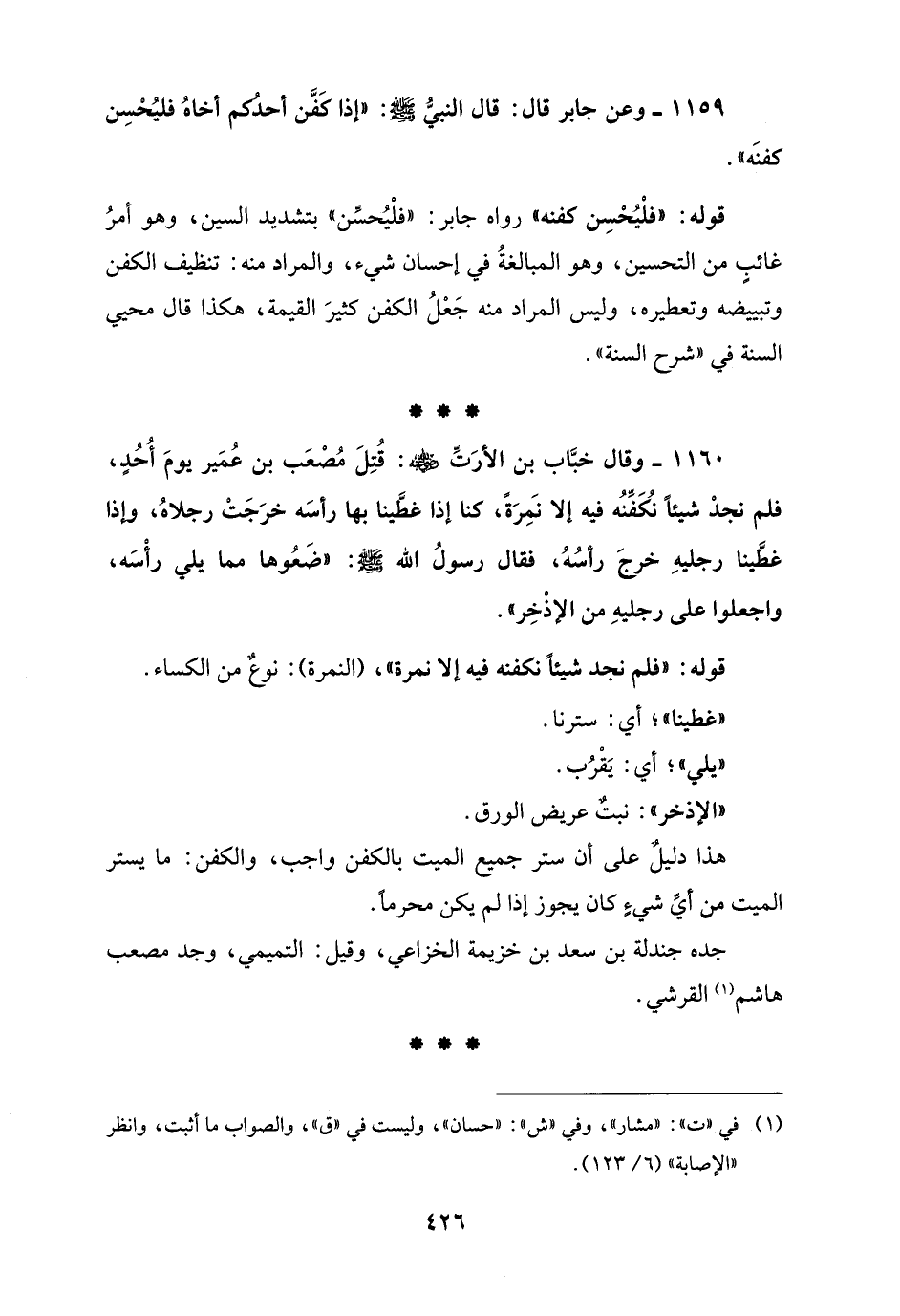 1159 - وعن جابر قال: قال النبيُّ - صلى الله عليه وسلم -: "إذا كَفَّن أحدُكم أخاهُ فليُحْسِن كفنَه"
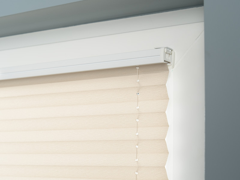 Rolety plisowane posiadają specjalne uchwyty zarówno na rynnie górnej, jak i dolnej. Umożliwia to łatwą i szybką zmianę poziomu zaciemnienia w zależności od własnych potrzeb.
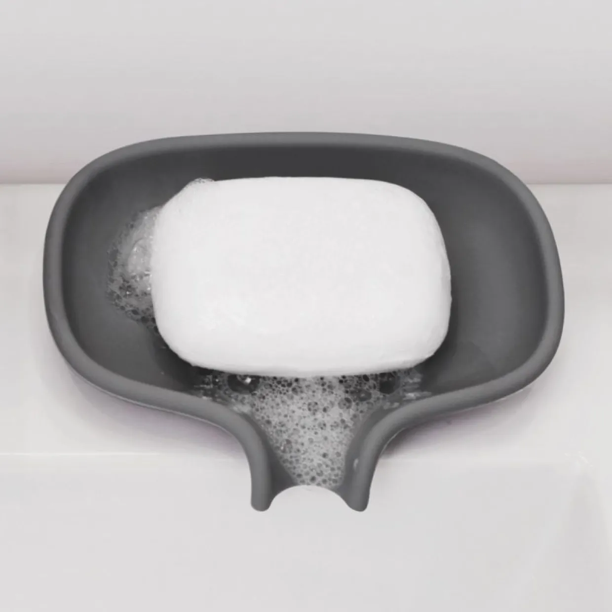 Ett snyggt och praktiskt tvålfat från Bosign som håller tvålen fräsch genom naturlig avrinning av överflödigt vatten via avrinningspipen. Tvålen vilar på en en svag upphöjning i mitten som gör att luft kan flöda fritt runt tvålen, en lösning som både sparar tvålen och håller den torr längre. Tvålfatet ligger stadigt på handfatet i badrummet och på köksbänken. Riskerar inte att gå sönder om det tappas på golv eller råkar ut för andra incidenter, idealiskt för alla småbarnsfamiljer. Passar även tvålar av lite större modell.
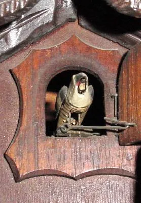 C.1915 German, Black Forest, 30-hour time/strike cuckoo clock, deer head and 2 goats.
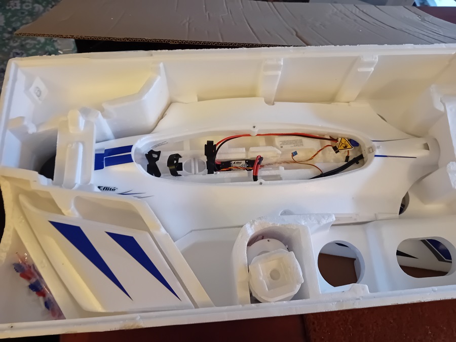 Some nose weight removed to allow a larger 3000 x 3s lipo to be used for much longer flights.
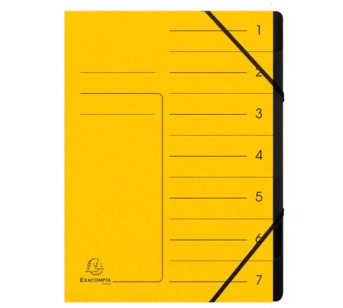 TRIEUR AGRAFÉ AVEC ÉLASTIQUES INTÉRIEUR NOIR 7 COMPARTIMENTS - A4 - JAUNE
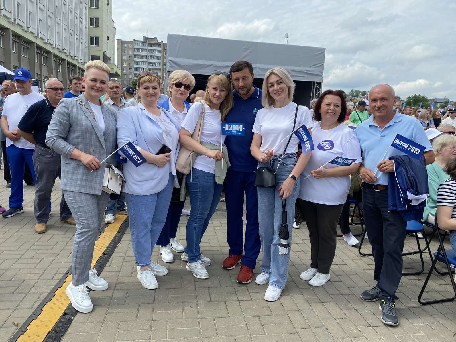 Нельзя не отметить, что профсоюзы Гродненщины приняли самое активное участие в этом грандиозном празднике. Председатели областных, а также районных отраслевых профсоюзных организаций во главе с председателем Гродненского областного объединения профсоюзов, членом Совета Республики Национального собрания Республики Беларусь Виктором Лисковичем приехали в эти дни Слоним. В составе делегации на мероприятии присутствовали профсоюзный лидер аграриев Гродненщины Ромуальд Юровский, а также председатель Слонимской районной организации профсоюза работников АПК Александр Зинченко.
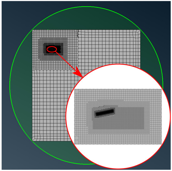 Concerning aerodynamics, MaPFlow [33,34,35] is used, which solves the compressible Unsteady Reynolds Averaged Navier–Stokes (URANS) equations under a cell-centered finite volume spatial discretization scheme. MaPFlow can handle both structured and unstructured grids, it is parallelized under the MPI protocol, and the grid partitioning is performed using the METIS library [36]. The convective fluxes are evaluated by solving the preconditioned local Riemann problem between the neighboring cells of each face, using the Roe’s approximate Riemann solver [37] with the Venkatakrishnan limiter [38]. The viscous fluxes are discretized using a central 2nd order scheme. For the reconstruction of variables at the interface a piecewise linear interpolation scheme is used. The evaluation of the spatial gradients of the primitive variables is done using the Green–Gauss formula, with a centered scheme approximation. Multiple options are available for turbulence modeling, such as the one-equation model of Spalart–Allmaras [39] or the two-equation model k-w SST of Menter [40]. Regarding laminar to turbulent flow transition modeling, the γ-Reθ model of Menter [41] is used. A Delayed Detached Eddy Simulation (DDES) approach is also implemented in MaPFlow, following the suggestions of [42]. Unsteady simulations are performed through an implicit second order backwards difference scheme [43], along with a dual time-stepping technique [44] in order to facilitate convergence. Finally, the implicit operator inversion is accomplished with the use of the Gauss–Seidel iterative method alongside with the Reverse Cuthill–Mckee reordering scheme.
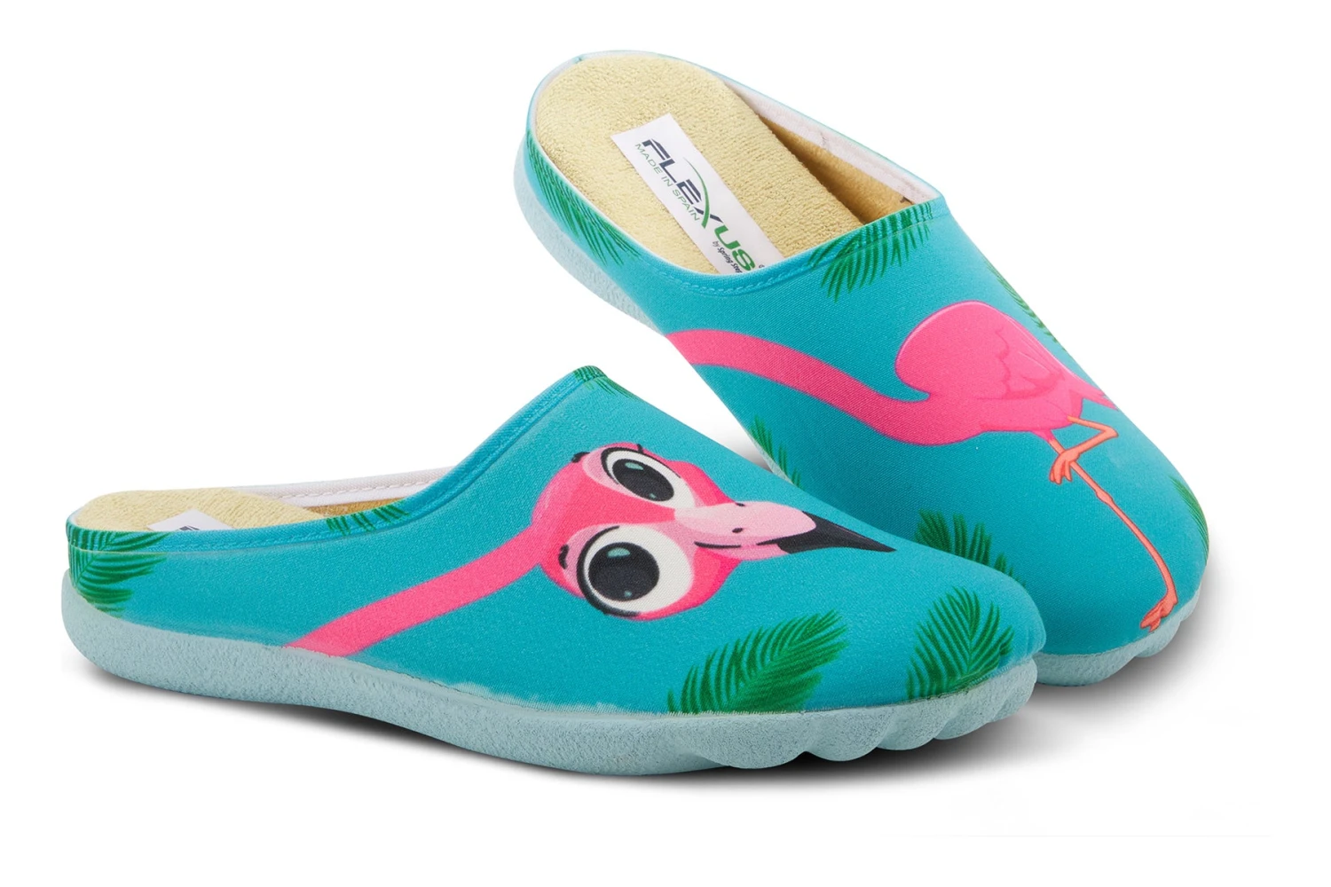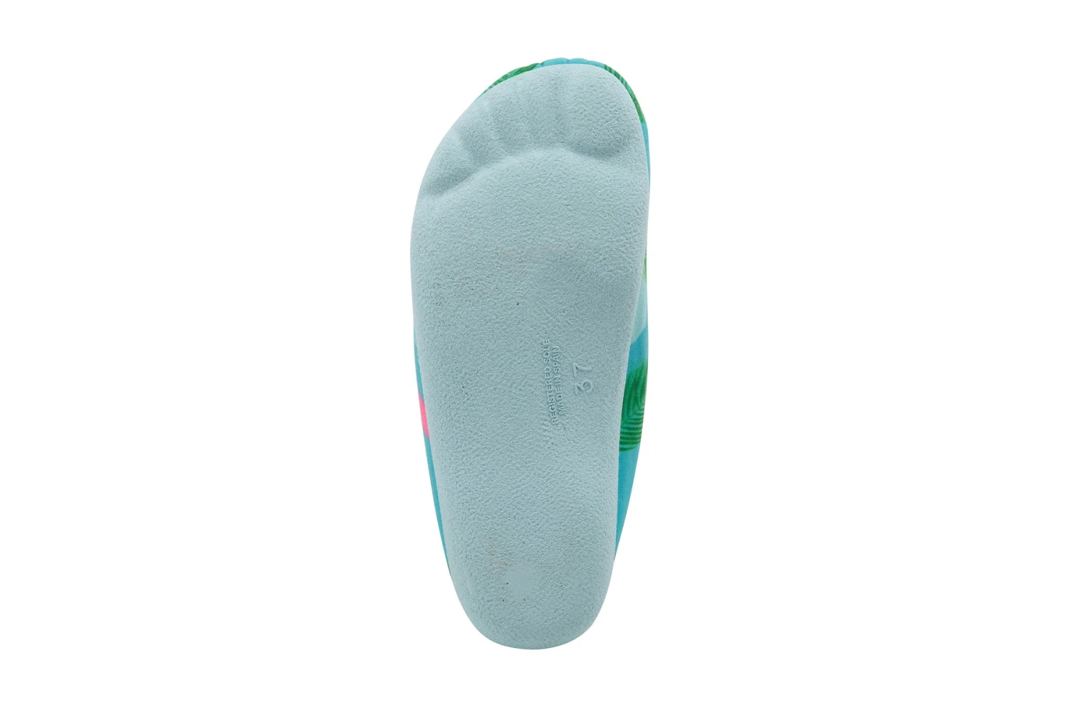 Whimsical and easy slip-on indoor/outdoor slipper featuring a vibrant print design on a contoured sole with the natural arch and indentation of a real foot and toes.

Problem to solve
From the line that holds "Concerning aerodynamics, MaPFlow" to the last line of the records, please copy each line exactly and nothing else. Pictures stay out.

Written answer
 Concerning aerodynamics, MaPFlow [33,34,35] is used, which solves the compressible Unsteady Reynolds Averaged Navier–Stokes (URANS) equations under a cell-centered finite volume spatial discretization scheme. MaPFlow can handle both structured and unstructured grids, it is parallelized under the MPI protocol, and the grid partitioning is performed using the METIS library [36]. The convective fluxes are evaluated by solving the preconditioned local Riemann problem between the neighboring cells of each face, using the Roe’s approximate Riemann solver [37] with the Venkatakrishnan limiter [38]. The viscous fluxes are discretized using a central 2nd order scheme. For the reconstruction of variables at the interface a piecewise linear interpolation scheme is used. The evaluation of the spatial gradients of the primitive variables is done using the Green–Gauss formula, with a centered scheme approximation. Multiple options are available for turbulence modeling, such as the one-equation model of Spalart–Allmaras [39] or the two-equation model k-w SST of Menter [40]. Regarding laminar to turbulent flow transition modeling, the γ-Reθ model of Menter [41] is used. A Delayed Detached Eddy Simulation (DDES) approach is also implemented in MaPFlow, following the suggestions of [42]. Unsteady simulations are performed through an implicit second order backwards difference scheme [43], along with a dual time-stepping technique [44] in order to facilitate convergence. Finally, the implicit operator inversion is accomplished with the use of the Gauss–Seidel iterative method alongside with the Reverse Cuthill–Mckee reordering scheme.
 Whimsical and easy slip-on indoor/outdoor slipper featuring a vibrant print design on a contoured sole with the natural arch and indentation of a real foot and toes.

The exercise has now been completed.